43 : #include "methodjit/Compiler.h"
44 :
45 : namespace js {
46 : namespace mjit {
47 :
48 : /*
49 : * The LoopState keeps track of register and analysis state within the loop
50 : * currently being processed by the Compiler.
51 : *
52 : * There are several analyses we do that are specific to loops: loop carried
53 : * registers, bounds check hoisting, and loop invariant code motion. Brief
54 : * descriptions of these analyses:
55 : *
56 : * Loop carried registers. We allocate registers as we emit code, in a single
57 : * forward pass over the script.
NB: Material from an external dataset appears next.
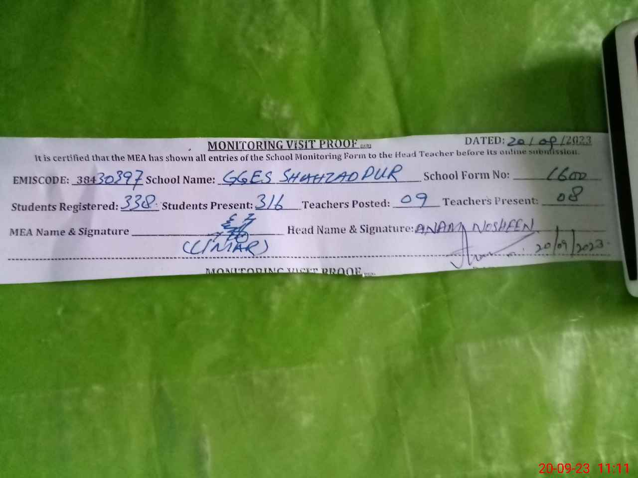 | EMIS Code: 38430397 | Name of School: GGES SHAHZAD PUR | |||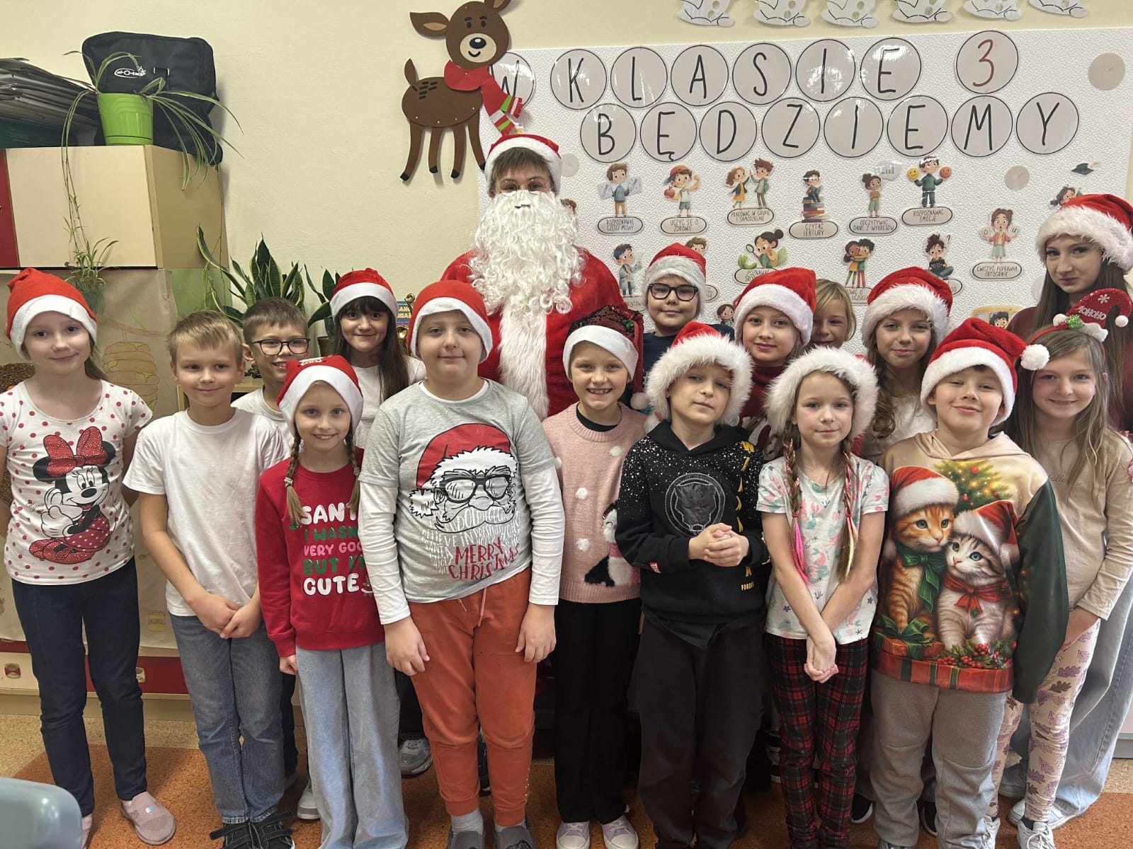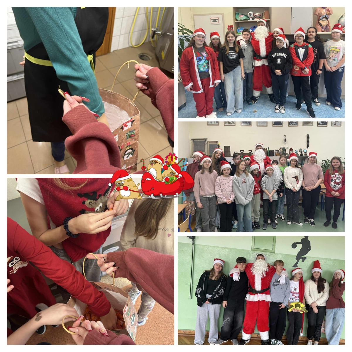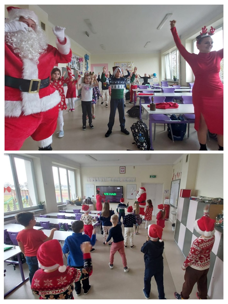 W piątek szkolne korytarze zamieniły się w prawdziwe mikołajowe miasteczko. Za sprawą Samorządu Uczniowskiego odbył się „Zjazd Świętych Mikołajów”, podczas którego uczniowie masowo porzucili zwykłe, szkolne ubrania (i powagę) na rzecz czerwonych czapek, brodatych stylizacji i sweterków tak świątecznych, że nawet renifery patrzyły z zazdrością. Każdy uczeń otrzymał słodki upominek – w końcu prawdziwy Mikołaj nie wychodzi z domu bez prezentów! Atmosfera była tak radosna, że nawet dzwoneczki dźwięczały głośniej niż zwykle.

Normally this would mean we need to pick the
58 : * register allocation at the head of the loop before any of the body has been
59 : * processed. Instead, while processing the loop body we retroactively mark
60 : * registers as holding the payload of certain entries at the head (being
61 : * carried around the loop), so that the head's allocation ends up holding
62 : * registers that are likely to be used shortly. This can be done provided that
63 : * (a) the register has not been touched since the loop head, (b) the slot
64 : * has not been modified or separately assigned a different register, and (c)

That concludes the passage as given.